── DATA SUPPLIED ──
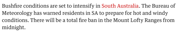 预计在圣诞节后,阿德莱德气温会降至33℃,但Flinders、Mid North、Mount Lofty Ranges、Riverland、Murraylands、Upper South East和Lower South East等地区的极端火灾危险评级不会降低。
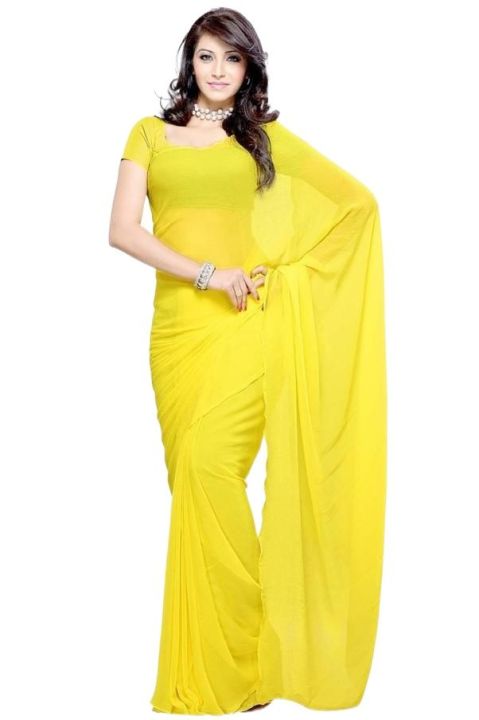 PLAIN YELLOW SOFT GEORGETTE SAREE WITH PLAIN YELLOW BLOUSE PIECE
───
── DATA SUPPLIED ──
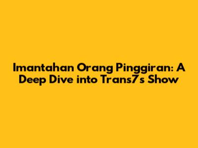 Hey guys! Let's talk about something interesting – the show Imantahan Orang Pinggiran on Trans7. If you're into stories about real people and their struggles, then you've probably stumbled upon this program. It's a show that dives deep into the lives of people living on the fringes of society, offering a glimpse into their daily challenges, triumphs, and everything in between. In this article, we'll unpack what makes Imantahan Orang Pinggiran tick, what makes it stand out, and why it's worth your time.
───
── DATA SUPPLIED ──
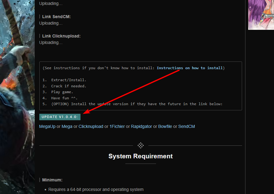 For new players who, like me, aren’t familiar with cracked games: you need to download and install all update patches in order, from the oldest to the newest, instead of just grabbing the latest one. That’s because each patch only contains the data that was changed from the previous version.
───
**REQUIRED ACTION**: Would you copy, word for word, only the lines above from the one containing "预计在圣诞节后,阿德莱德气温会降至33℃,但Flinders、Mid North、Mount Lofty" through the one containing "PLAIN YELLOW SOFT", both included, and please leave out the pictures?

**PROBLEM SOLUTION**:
 预计在圣诞节后,阿德莱德气温会降至33℃,但Flinders、Mid North、Mount Lofty Ranges、Riverland、Murraylands、Upper South East和Lower South East等地区的极端火灾危险评级不会降低。
 PLAIN YELLOW SOFT GEORGETTE SAREE WITH PLAIN YELLOW BLOUSE PIECE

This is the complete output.